For Christmas, I got my wife a Canon EOS T2 digital SLR because we were sick of low quality, poorly lit shots produced by pocket digital cameras. Being the technically gifted gentleman I am, I volunteered to check it out with the promise of a tutorial once I had it under control.
My first step was to totally avoid the Automatic feature because to me, the whole beauty of a high quality DSLR is the control you have over how the image is captured.
That was my first mistake. The Automatic feature is adequate for over 97% of the shots that we will be taking at family birthday parties, kid events, etc. I was clearly going beyond the scope of the mission.
My second mistake was reading a photography 101 blog (wish I still had the link) and learning all the technicalities of shutter speed, F stops and ISO speed, because then I was forced to feed the obsession by experimenting. Now I’m hooked.
In the 1+ month since the holidays, I have figured out how to do exposure bracketing for HDR shots, to take night shots of the moon, stars and airplanes, to create ghost images and to generally annoy the crap out of my wife with all of my ‘artsy fartsy’ fotos (I even have an Artsy Fartsy folder in iPhoto). And I’ve also killed all of the free disk space on the Mac.
So now, not only do I need to buy a tripod and UV filters, I also need a large external hard drive to store all the pictures – or a new Mac. Hmmm, those new MacAirs look really sweet.
Well, Valentines Day is coming. Would it be romantic to buy my wife a zoom lens and a remote control? It’s all so expensive, but that’s OK. I don’t really need anything for Valentine’s Day, anyway.

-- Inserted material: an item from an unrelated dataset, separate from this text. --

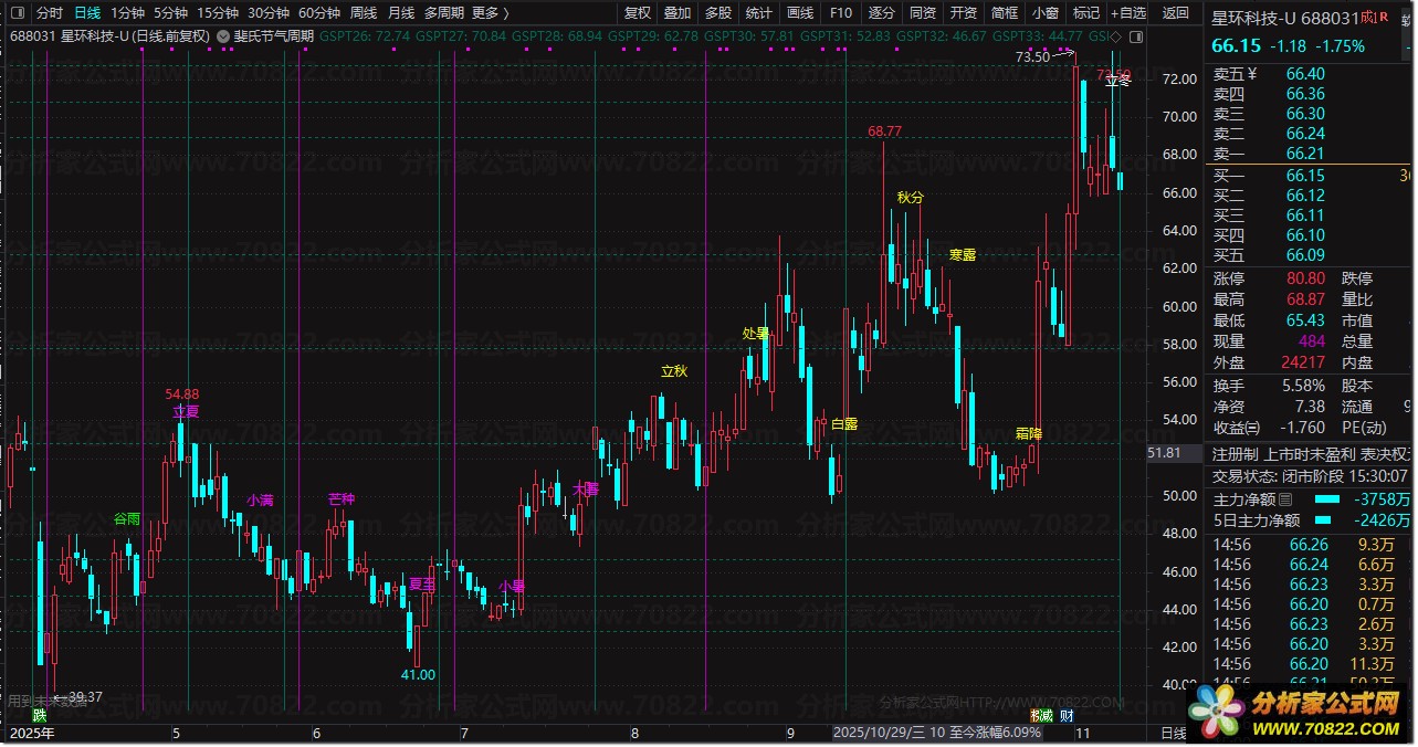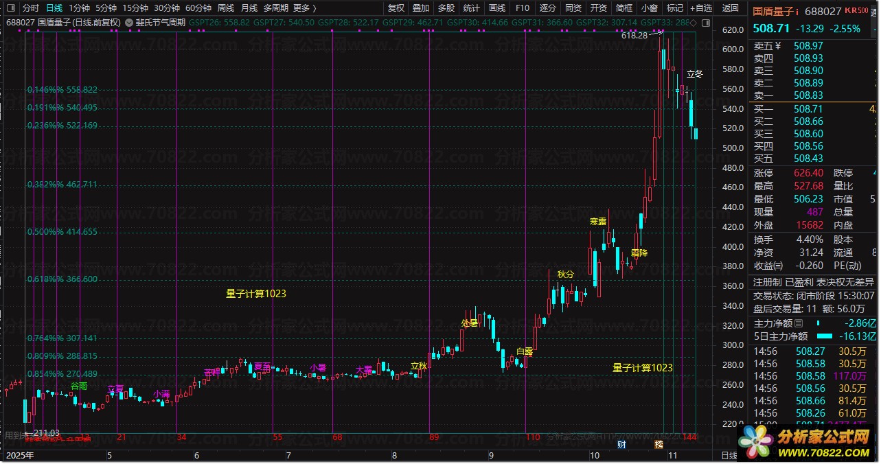 本指标融合数学黄金分割与东方节气智慧,自动锁定近70日波段高低点,绘制精准斐波那契回调带(0.146/0.236/0.382/0.618/0.764/0.809/0.854),同步标注1/3/5/8/13/21/34/55/89/144等关键时间窗口及24节气变盘节点,实现"价格-时间-自然"三维共振分析。
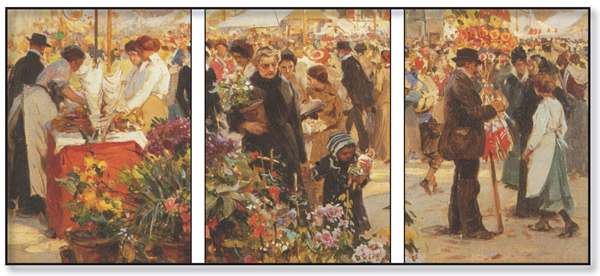 Il mercato dei fiori, con le viole, i gerani, le prime rose.

Seriously, I love photography because it is an accepted way to express yourself and ask people for feedback in a way that doesn’t make them uncomfortable – or require a lot of time from them. For example, when you want to share a poem, people get uneasy and wonder if you’ve written it for them and if metaphorically you’re trying to tell them something about a deep connection that they just haven’t realized – and they’ll never tell you what they really think about it. A novel or even short story is too much of a time commitment. People barely have enough time to read a 140 character tweet. A song? (see poem above). A tattoo? OK, but there is only a limited canvas there and you can’t really experiment.
For some reason, people seem to be more comfortable giving constructive criticism of a photograph. There must be some psychological disconnect that the critic perceives (or imagines to perceive) between the photograph and the photographer that makes them feel their criticism is less likely to hurt your feelings:
Critic: “Exposure’s a little low, no?” or “You could have framed that up a little better.”
To me, those comments would be equally devastating as:
“Your alliteration in that phrase doesn’t resonate” or “what were you thinking doing that solo in that spot?”
But from I’ve seen, the photo critiques come much more easily and honestly.